Order of Battle On Formation
The 77th Reserve Division, like the other divisions of its wave and unlike earlier German divisions, was organized from the outset as a triangular division. The order of battle of the division on December 29, 1914 was as follows:
- 77.Reserve-Infanterie-Brigade
- Reserve-Infanterie-Regiment Nr. 255
- Reserve-Infanterie-Regiment Nr. 256
- Reserve-Infanterie-Regiment Nr. 257
- Reserve-Radfahrer-Kompanie Nr. 77
- Reserve-Kavallerie-Abteilung Nr. 77
- 77.Reserve-Feldartillerie-Brigade
- Reserve-Feldartillerie-Regiment Nr. 59
- Reserve-Feldartillerie-Regiment Nr. 60
- Reserve-Pionier-Kompanie Nr. 78
- Reserve-Pionier-Kompanie Nr. 79
Read more about this topic: 77th Reserve Division (German Empire)

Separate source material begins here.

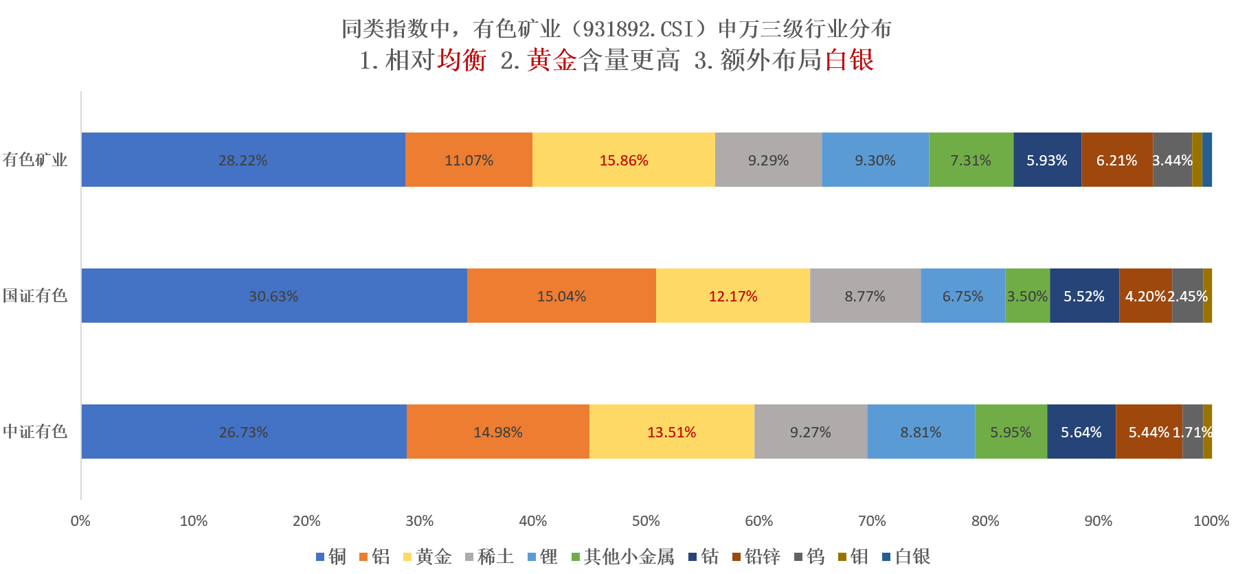 很简单:1.聚焦上游;2.黄金占比多;3.布局了其他指数没有的白银。

Famous quotes containing the words order of, order, battle and/or formation:
“Undoubtedly we have not questions to ask which are unanswerable. We must trust the perfection of the creation so far, as to believe that whatever curiosity the order of things has awakened in our minds, the order of things can satisfy. Every mans condition is a solution in hieroglyphic to those inquiries he would put. He acts it as life, before he apprehends it as truth.”
—Ralph Waldo Emerson (18031882)
“Since [Rousseaus] time, and largely thanks to him, the Ego has steadily tended to efface itself, and, for purposes of model, to become a manikin on which the toilet of education is to be draped in order to show the fit or misfit of the clothes. The object of study is the garment, not the figure.”
—Henry Brooks Adams (18381918)
“... the big courageous acts of life are those one never hears of and only suspects from having been through like experience. It takes real courage to do battle in the unspectacular task. We always listen for the applause of our co-workers. He is courageous who plods on, unlettered and unknown.... In the last analysis it is this courage, developing between man and his limitations, that brings success.”
—Alice Foote MacDougall (18671945)
“Out of my discomforts, which were small enough, grew one thing for which I have all my life been gratefulthe formation of fixed habits of work.”